Comments on: 1 billion web page dataset from CMU

By: brendano

brendano — Mon, 01 Aug 2011 17:33:42 +0000

eelnazz: go to the link I posted in the blog post.

By: eelnazz

eelnazz — Tue, 26 Jul 2011 04:06:49 +0000

i need dataset that each record be web page,how can i get it and use it?

By: Pete Skomoroch

Pete Skomoroch — Sat, 18 Apr 2009 01:17:02 +0000

Totally agree with you on this one. Outside of bioinformatics and maybe physics, it is tough to get large datasets that can be publicly redistributed and used for commercial purposes.

Compared to the datasets you get access to in industry, most public datasets are tiny. It is like pulling teeth to get any large research, government, or industry datasets released so that they are publicly redistributable.

Some of the concerns I’ve run into:

* copyright (web crawls, image datasets, audio, product metadata)
* privacy concerns (collaborative filtering, government data, geo data, legal/pacer)
* competitive reasons (financial data, retail data, commerce, website stats)

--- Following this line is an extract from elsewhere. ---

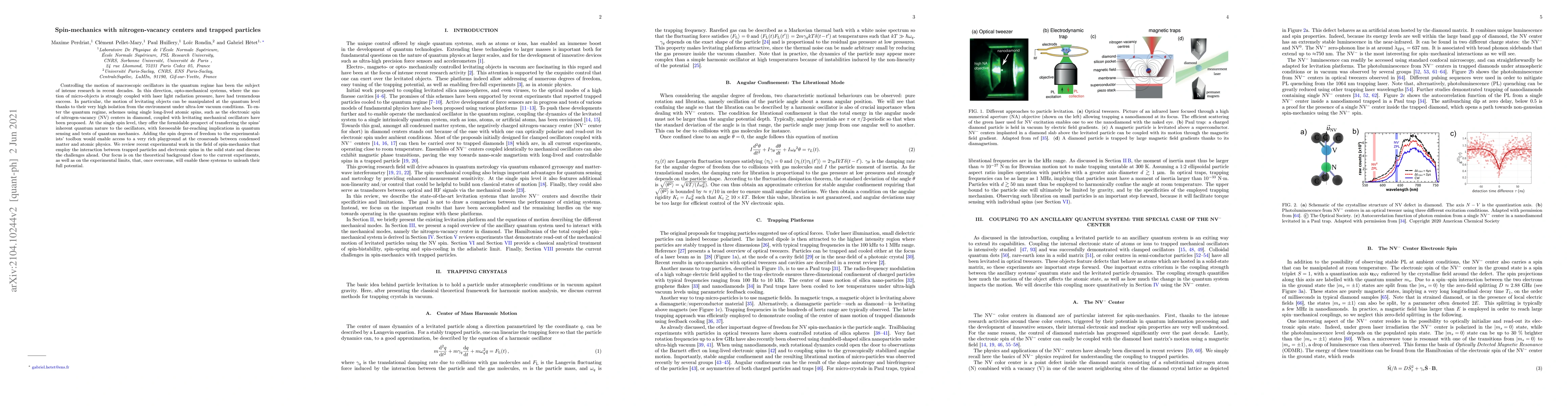 Controlling the motion of macroscopic oscillators in the quantum regime has been the subject of intense research in recent decades. In this direction, opto-mechanical systems, where the motion of micro-objects is strongly coupled with laser light radiation pressure, have had tremendous success. In particular, the motion of levitating objects can be manipulated at the quantum level thanks to their very high isolation from the environment under ultra-low vacuum conditions. To enter the quantum regime, schemes using single long-lived atomic spins, such as the electronic spin of nitrogen-vacancy (NV) centers in diamond, coupled with levitating mechanical oscillators have been proposed. At the single spin level, they offer the formidable prospect of transferring the spins' inherent quantum nature to the oscillators, with foreseeable far-reaching implications in quantum sensing and tests of quantum mechanics. Adding the spin degrees of freedom to the experimentalists' toolbox would enable access to a very rich playground at the crossroads between condensed matter and atomic physics. We review recent experimental work in the field of spin-mechanics that employ the interaction between trapped particles and electronic spins in the solid state and discuss the challenges ahead. Our focus is on the theoretical background close to the current experiments, as well as on the experimental limits, that, once overcome, will enable these systems to unleash their full potential.

I think we need a data stimulus plan :) Like the Enron email dataset on a larger scale, we should have open access to factual data from the financial markets, geodata, bankrupt companies, and other locked down data that the government has ties to. Pumping that government subsidized data out on the net could spur a lot of innovation which is something we need right now.

By: brendano

brendano — Fri, 17 Apr 2009 17:51:35 +0000

Jon: yes, it’s great.

By: Jon

Jon — Fri, 17 Apr 2009 16:02:50 +0000

The dataset is costly, but 80% of that is the 1.5 TB x 4 disks that come with it (this is judging by what Best Buy currently has on sale). The remaining $150 or so strikes me as fairly inexpensive for a crawl that took an enormous amount of bandwidth, computing power, planning & maintenance. Jamie’s groups is currently working on providing the link-graph with the dataset — another huge chunk of processing that researchers using the dataset won’t need to perform.

By: roddy

roddy — Fri, 17 Apr 2009 07:17:27 +0000

hadoop dfs -put